• **What to work on**
Please, without the pictures, retype exactly the lines from the start of the material through the line that holds "變頻器1﹑2﹑3的調(dià".

• **Information supplied**
===
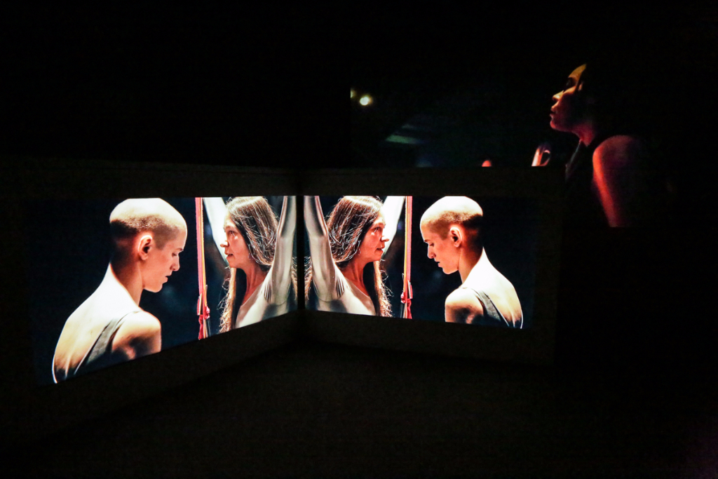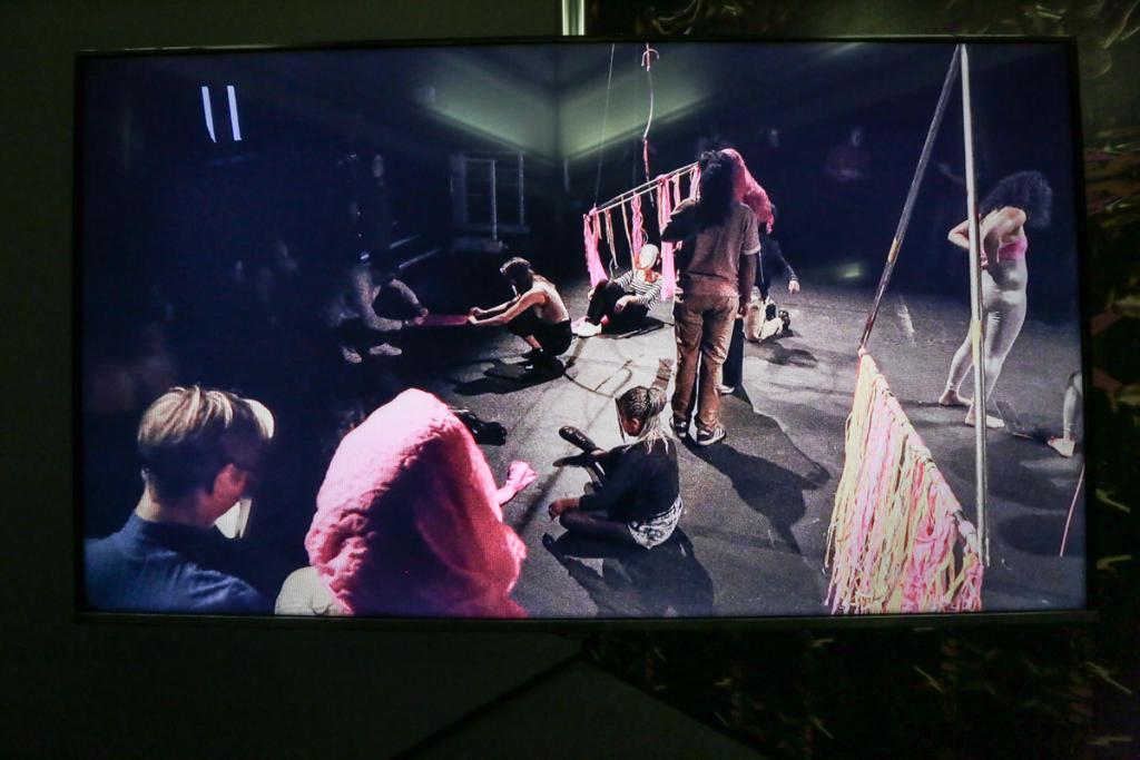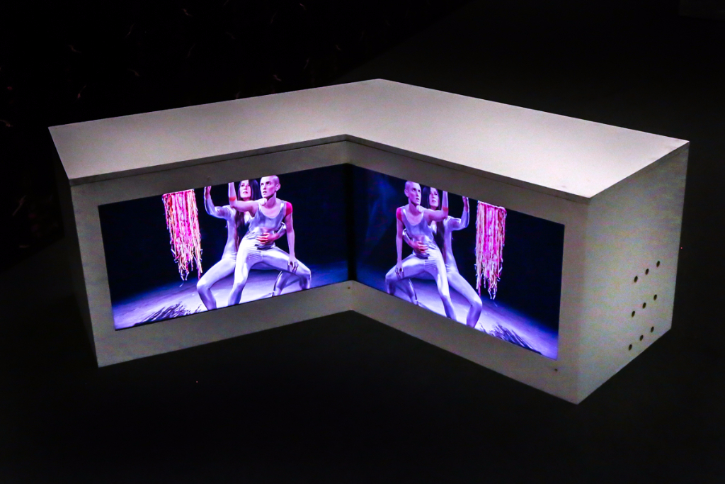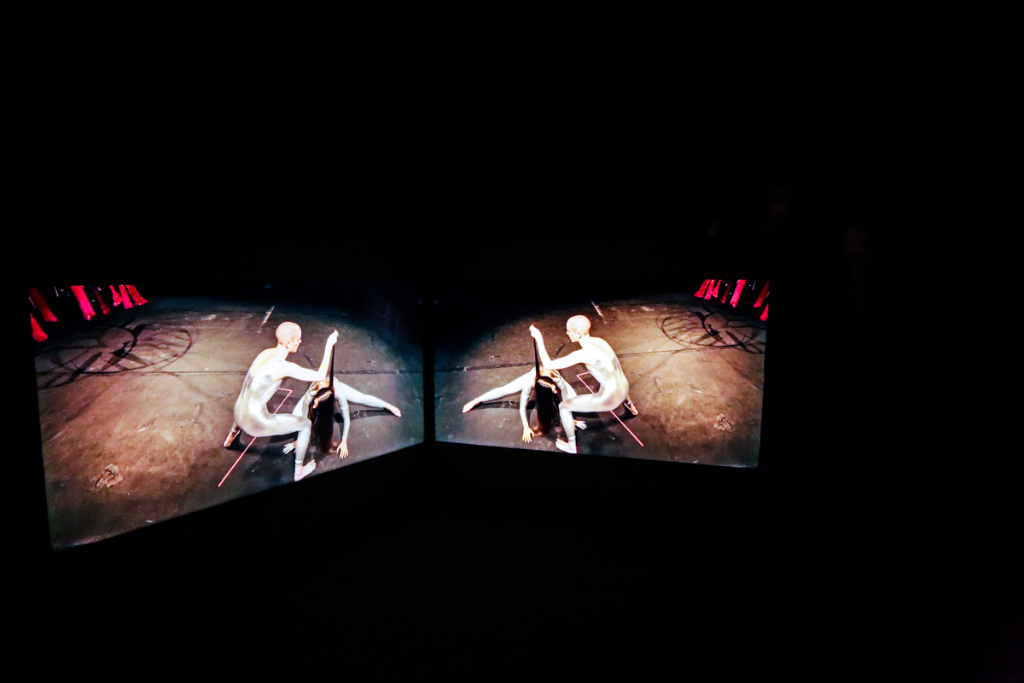 Boyce’s We Move In Her Way is a multimedia presentation of the moving form. Dancers in her installation make childish and playful movements – many of them are masked or wearing tight silver spandex and spontaneously break out into fervent clapping. The videos are on loop in two separate rooms, with each screen displaying a specific area of the stage, which requires the viewer to actively move around to experience each aspect of Boyce’s piece. It’s odd, but also highly interactive. The work is actually a documentation of an initial live performance, where the audience could participate alongside the performers and follow an improvised pattern free from constraint.
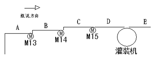 變頻器1﹑2﹑3的調(diào)速方式為兩種:1.來(lái)自灌裝機(jī)主機(jī)變頻器的模擬信號(hào)DC0~10V,經(jīng)過(guò)隔離器轉(zhuǎn)換為線性DC0~10V,再經(jīng)過(guò)電位器分壓作為變頻器1﹑2﹑3 的給定信號(hào),以控制電機(jī)M13﹑M14﹑M15,這樣可以做到輸送帶與灌裝機(jī)的速度很好匹配;2.采用多段速控制端子SD﹑STF﹑RL﹑RM﹑RH,通過(guò)PLC編程,由PLC發(fā)出控制信號(hào)以控制速度。PLC根據(jù)灌裝機(jī)操作臺(tái)發(fā)出的信號(hào)來(lái)判斷使用那種速度控制方式,又根據(jù)瓶流情況選擇高低速。在模擬信號(hào)控制時(shí)是通過(guò)輔助繼電器KA1和KA2,KA3和KA4,KA5和KA6的組合,經(jīng)W1﹑W2,W3﹑W4,W5﹑W6分壓控制變頻器輸出速度。在多段速時(shí)通過(guò)PLC的輸出Y10﹑Y11﹑Y12﹑Y13,Y20﹑Y21﹑Y22﹑Y23,Y24﹑Y25﹑Y26﹑Y27分別調(diào)節(jié)各個(gè)變頻器的輸出頻率以達(dá)到多段輸送帶的速度匹配及與灌裝機(jī)的速度匹配。在模擬控制方式調(diào)整中,電位器分壓比的調(diào)整是個(gè)關(guān)鍵,通過(guò)生產(chǎn)調(diào)試中摸索,終于找到了比較好的速度匹配。分壓比一旦調(diào)好,不得隨意改動(dòng)。
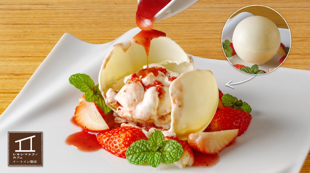 ・1枚 1,500円[1,650円] ※イートイン限定 チョコレートドームの中にはイートンメス(メレンゲと生クリームのイギリス発祥のスイーツ)が 入っていて、温かい苺のソースをかけてお召し上がりいただきます。 メレンゲのさくさく食感とチョコレートの濃厚さ、苺の甘酸っぱさが味わえ、 チョコレートが溶ける過程もお楽しみいただけます。
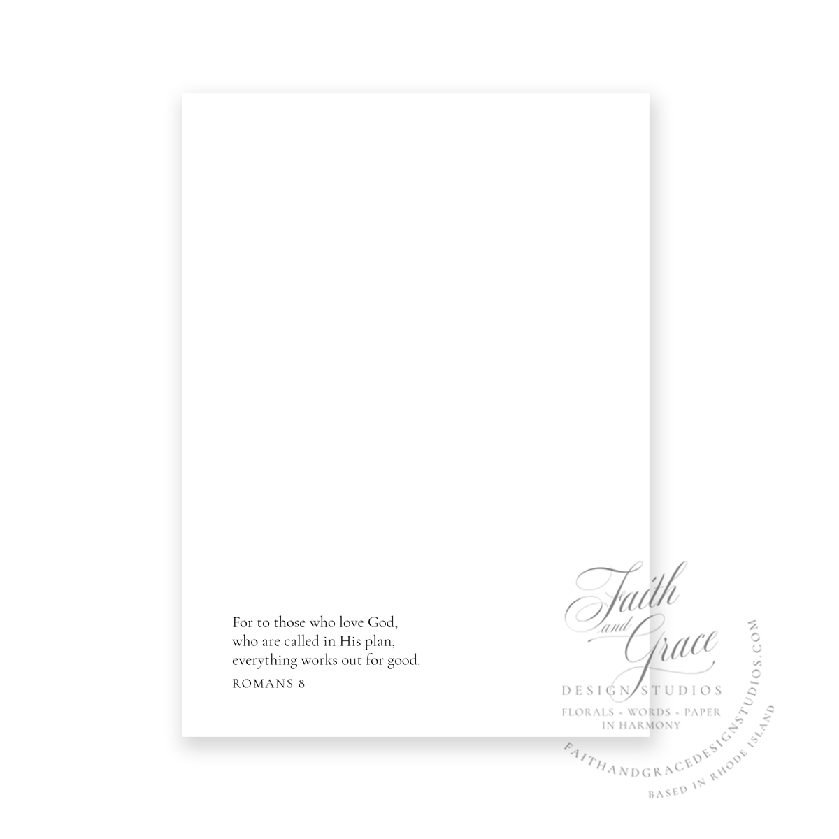 Inside left corner reads: "For to those who love God, who are called in His plan, everything works out for good. Romans 8"
===
• **Response below**
 Boyce’s We Move In Her Way is a multimedia presentation of the moving form. Dancers in her installation make childish and playful movements – many of them are masked or wearing tight silver spandex and spontaneously break out into fervent clapping. The videos are on loop in two separate rooms, with each screen displaying a specific area of the stage, which requires the viewer to actively move around to experience each aspect of Boyce’s piece. It’s odd, but also highly interactive. The work is actually a documentation of an initial live performance, where the audience could participate alongside the performers and follow an improvised pattern free from constraint.
 變頻器1﹑2﹑3的調(diào)速方式為兩種:1.來(lái)自灌裝機(jī)主機(jī)變頻器的模擬信號(hào)DC0~10V,經(jīng)過(guò)隔離器轉(zhuǎn)換為線性DC0~10V,再經(jīng)過(guò)電位器分壓作為變頻器1﹑2﹑3 的給定信號(hào),以控制電機(jī)M13﹑M14﹑M15,這樣可以做到輸送帶與灌裝機(jī)的速度很好匹配;2.采用多段速控制端子SD﹑STF﹑RL﹑RM﹑RH,通過(guò)PLC編程,由PLC發(fā)出控制信號(hào)以控制速度。PLC根據(jù)灌裝機(jī)操作臺(tái)發(fā)出的信號(hào)來(lái)判斷使用那種速度控制方式,又根據(jù)瓶流情況選擇高低速。在模擬信號(hào)控制時(shí)是通過(guò)輔助繼電器KA1和KA2,KA3和KA4,KA5和KA6的組合,經(jīng)W1﹑W2,W3﹑W4,W5﹑W6分壓控制變頻器輸出速度。在多段速時(shí)通過(guò)PLC的輸出Y10﹑Y11﹑Y12﹑Y13,Y20﹑Y21﹑Y22﹑Y23,Y24﹑Y25﹑Y26﹑Y27分別調(diào)節(jié)各個(gè)變頻器的輸出頻率以達(dá)到多段輸送帶的速度匹配及與灌裝機(jī)的速度匹配。在模擬控制方式調(diào)整中,電位器分壓比的調(diào)整是個(gè)關(guān)鍵,通過(guò)生產(chǎn)調(diào)試中摸索,終于找到了比較好的速度匹配。分壓比一旦調(diào)好,不得隨意改動(dòng)。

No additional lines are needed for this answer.